Just another reason to be obsessed with guacamole and avocado toast: a new study released by The Journal of the American Heart Association suggests that avocados may actually lower bad cholesterol.

We checked in with Richard Chazal, Medical Director of The Heart Group at Lee Memorial to tell us a little more about what we can take away from these findings, and how to apply this new information to our lives.

Fearing fat is a thing of the 1980’s—we’ve long since ditched those rows of fat-free yogurts in toxic chemical flavors like “Key Lime Pie” and “Cherry Surprise.” Certain kinds of fat have been proven to be beneficial for your heart, and now we know that, in moderation, good fat can lower the cholesterol that can lead to heart problems, and reduce the risk of heart attack or stroke.

So what’s changed? As Dr. Chazal tells us, “As our knowledge has evolved, our previously simplistic view of fat becomes outmoded. There are different types of fats that may influence our metabolism in different ways, hence the increasing recognition of good fats.”

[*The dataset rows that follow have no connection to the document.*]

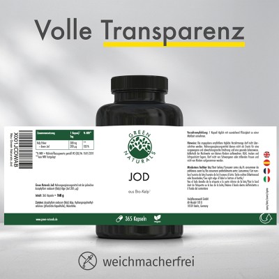 Uns bei Green Naturals liegt die Qualität unserer Produkte sehr am Herzen und dies möchten wir auch unseren Kunden vermitteln. Aus diesem Grund sind wir transparent was die Herkunft unserer Produkte betrifft. All unsere Produkte werden in sorgfältig und streng geprüften Anlagen in Deutschland hergestellt und unterliegen den höchsten Qualitätsstandards. Bei der Entwicklung unserer Produkte achten wir vor allem auf deren Verträglichkeit und Bioverfügbarkeit.Für unsere Green Naturals Jod aus Bio-Kelp Kapseln beziehen wir Kelp-Algen aus biologischem Anbau aus Kanada. So stellen wir die Qualität des Rohstoffes sicher. Dort wird der Rohstoff sonnen- und end-getrocknet. Nach der Reinigung und dem Zermahlen, erfolgt die Prüfung der Bio-Algen in Deutschland. Hier geschieht auch die Abfüllung. Das Resultat ist ein hochwertiges Jod-Produkt mit Bio-Kelp in praktischer Kapselform. Unsere Jod-Kapseln sind zu 100% vegan und frei von Allergenen.
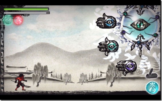Enemies in Sumioni come in various shapes and sizes, and you deal with them by swiping your fingers across the Vita’s touch screen. One of the enemies you’ll face is the “Pagoda”. These come in different toughness varieties, with early versions brandishing swords or bows and higher-level Pagodas using cannons, saw blades and drills.
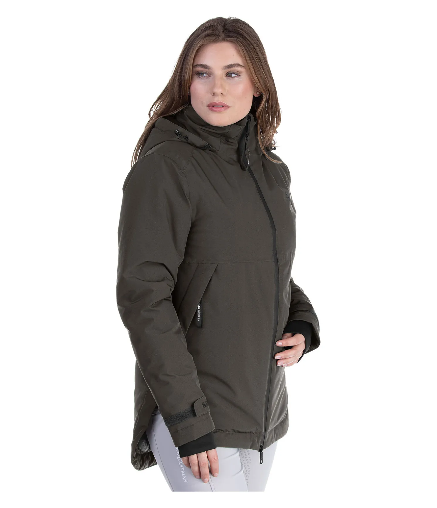 Veste d’équitation avec doublure chaude. Matière respirante, imperméable (10.000 mm) et coupe-vent. Col montant. Capuche amovible et réglable. Bouton-pression pour fixer la capuche dans le dos. Fermeture à glissière double sens étanche avec sous-patte. 2 poches avant zippées et dissimulées. 1 poche intérieure zippée. Bas des manches ajustable, élastiqué et coupe-vent. Bouton-pression sur chaque côté. Coupe plus longue à l’arrière. Imprimé Felix Bühler sur les manches, la capuche et les poignets. 100 % polyester.

This study showed that eating an avocado a day may help lower bad cholesterol in people who are overweight and obese. But as Dr. Chazal explains, fats still have a higher calorie density than proteins or carbohydrates, so moderation is still key. While an avocado is a great source of good fats, if you add an avocado a day to your diet (not a bad plan!), you should probably cut out those calories elsewhere—unhealthy fats may be a good place to start.

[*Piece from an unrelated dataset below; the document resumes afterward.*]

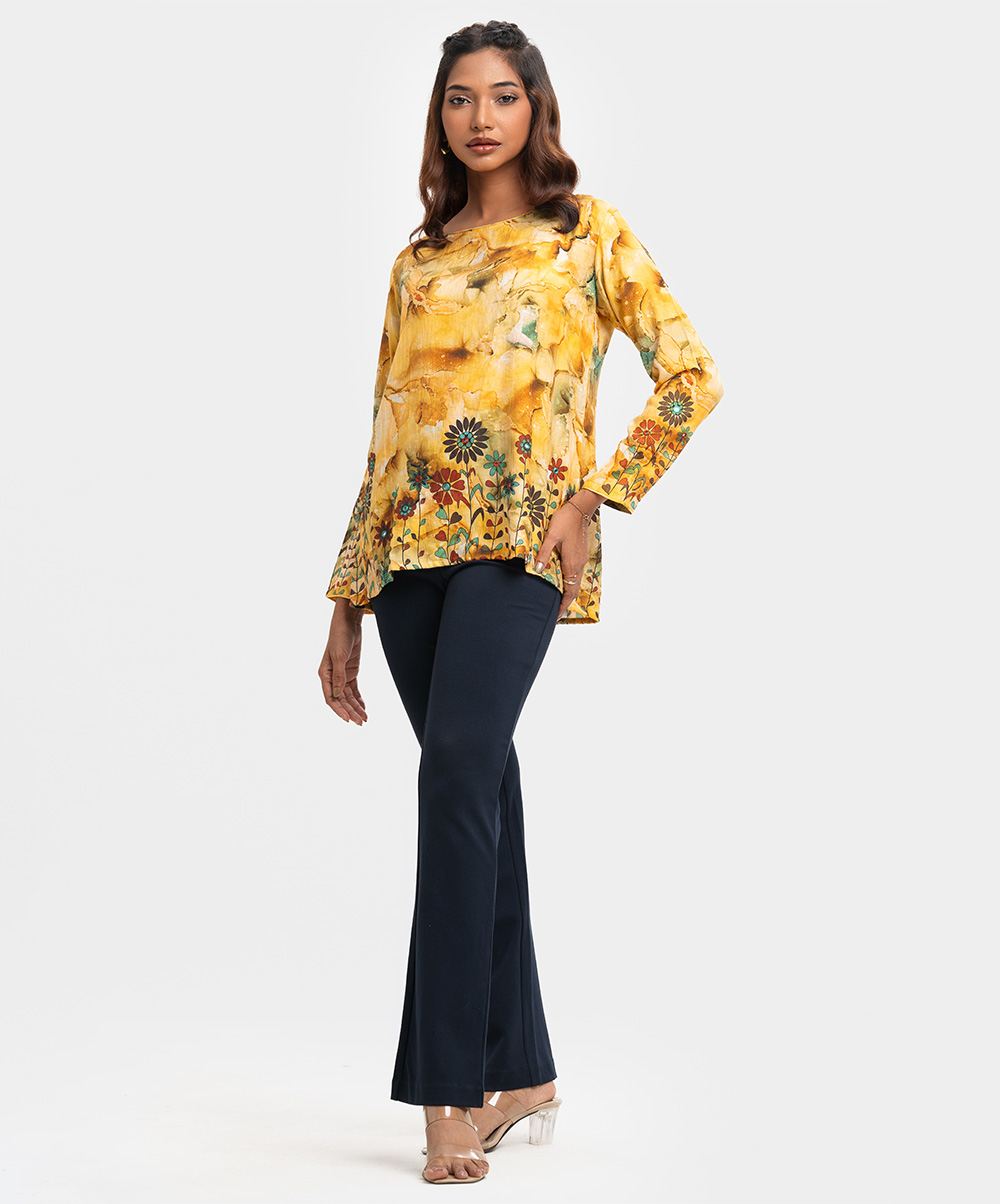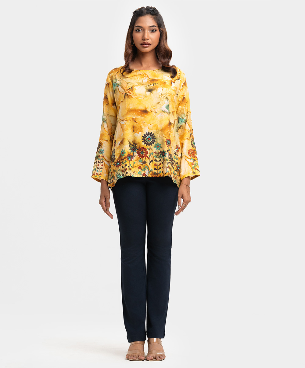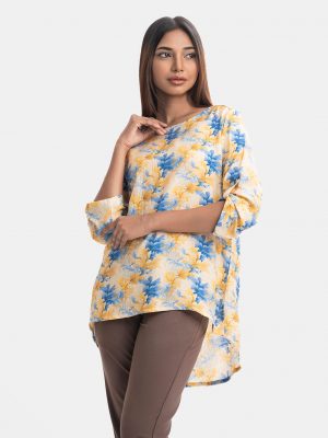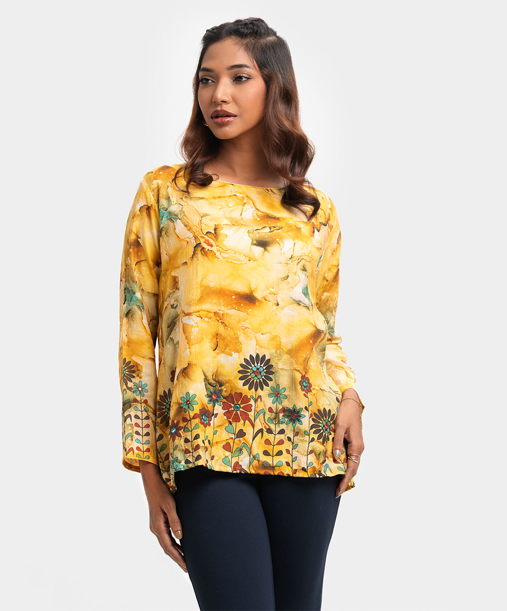 Women’s A-line woven short top in printed blended cotton fabric. Boat neck, full sleeves. Karchupi at sleeves & hemline.

So which are the bad ones? In general, unhealthy fats are saturated fats that we know change the profile of your cholesterol, including animals fats and palm oil, whereas the healthier fats are polyunsaturated, unsaturated, monounsaturated.

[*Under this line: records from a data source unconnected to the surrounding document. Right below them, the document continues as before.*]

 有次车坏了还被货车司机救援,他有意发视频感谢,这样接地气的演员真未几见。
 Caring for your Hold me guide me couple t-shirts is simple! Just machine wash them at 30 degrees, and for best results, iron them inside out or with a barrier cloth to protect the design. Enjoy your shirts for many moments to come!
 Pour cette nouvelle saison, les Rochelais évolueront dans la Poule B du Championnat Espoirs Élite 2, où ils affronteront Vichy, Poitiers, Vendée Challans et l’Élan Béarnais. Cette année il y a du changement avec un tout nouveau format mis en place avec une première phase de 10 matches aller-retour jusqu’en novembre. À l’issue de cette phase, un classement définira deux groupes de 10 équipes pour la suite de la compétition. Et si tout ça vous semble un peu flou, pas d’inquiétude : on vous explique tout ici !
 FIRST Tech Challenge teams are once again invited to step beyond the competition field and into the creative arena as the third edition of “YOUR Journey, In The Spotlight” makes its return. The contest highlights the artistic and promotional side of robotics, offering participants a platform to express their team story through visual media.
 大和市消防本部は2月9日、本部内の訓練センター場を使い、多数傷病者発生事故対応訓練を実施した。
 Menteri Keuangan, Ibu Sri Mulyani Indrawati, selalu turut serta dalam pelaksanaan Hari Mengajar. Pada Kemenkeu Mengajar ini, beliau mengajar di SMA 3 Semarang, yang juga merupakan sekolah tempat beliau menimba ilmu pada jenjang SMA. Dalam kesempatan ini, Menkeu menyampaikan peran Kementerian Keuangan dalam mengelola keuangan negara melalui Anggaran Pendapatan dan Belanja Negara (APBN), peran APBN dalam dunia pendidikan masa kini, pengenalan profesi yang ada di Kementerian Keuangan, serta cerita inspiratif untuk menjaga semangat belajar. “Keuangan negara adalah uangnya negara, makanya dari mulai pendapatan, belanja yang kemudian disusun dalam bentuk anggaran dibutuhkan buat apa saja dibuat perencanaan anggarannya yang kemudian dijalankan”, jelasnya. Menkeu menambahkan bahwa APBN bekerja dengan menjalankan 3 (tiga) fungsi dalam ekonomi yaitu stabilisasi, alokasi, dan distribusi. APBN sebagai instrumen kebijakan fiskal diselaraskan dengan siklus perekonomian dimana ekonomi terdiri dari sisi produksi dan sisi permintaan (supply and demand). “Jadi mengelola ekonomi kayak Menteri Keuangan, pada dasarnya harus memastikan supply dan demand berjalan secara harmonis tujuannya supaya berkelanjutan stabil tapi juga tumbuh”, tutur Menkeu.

In addition to avocados, which Dr. Chazal recommends consuming moderately, he says that “studies of the Mediterranean diet show that fatty fishes, like tuna, salmon, mackerel, can also be potentially beneficial. We know that olive oil contains types of fats that may improve the profile of cholesterol, as well as certain nuts— almonds and walnuts, among others—which may have those types of benefits as well.”

Everyone—especially athletes—should ensure that their meals contain a good protein source. However, as Dr. Chazal notes, the type of fats that are mixed with proteins are often problematic—certain meats, like beef are a good protein source, but also a source of saturated fat. Instead, consider pairing a lean protein source such as fish, lean poultry, lean pork (such as a pork tenderloin), or black beans with a good fat like avocados. Not only do you have a one-two punch of healthy fats and lean protein, but you’re going to enjoy one of the tastiest combinations on the planet, as well.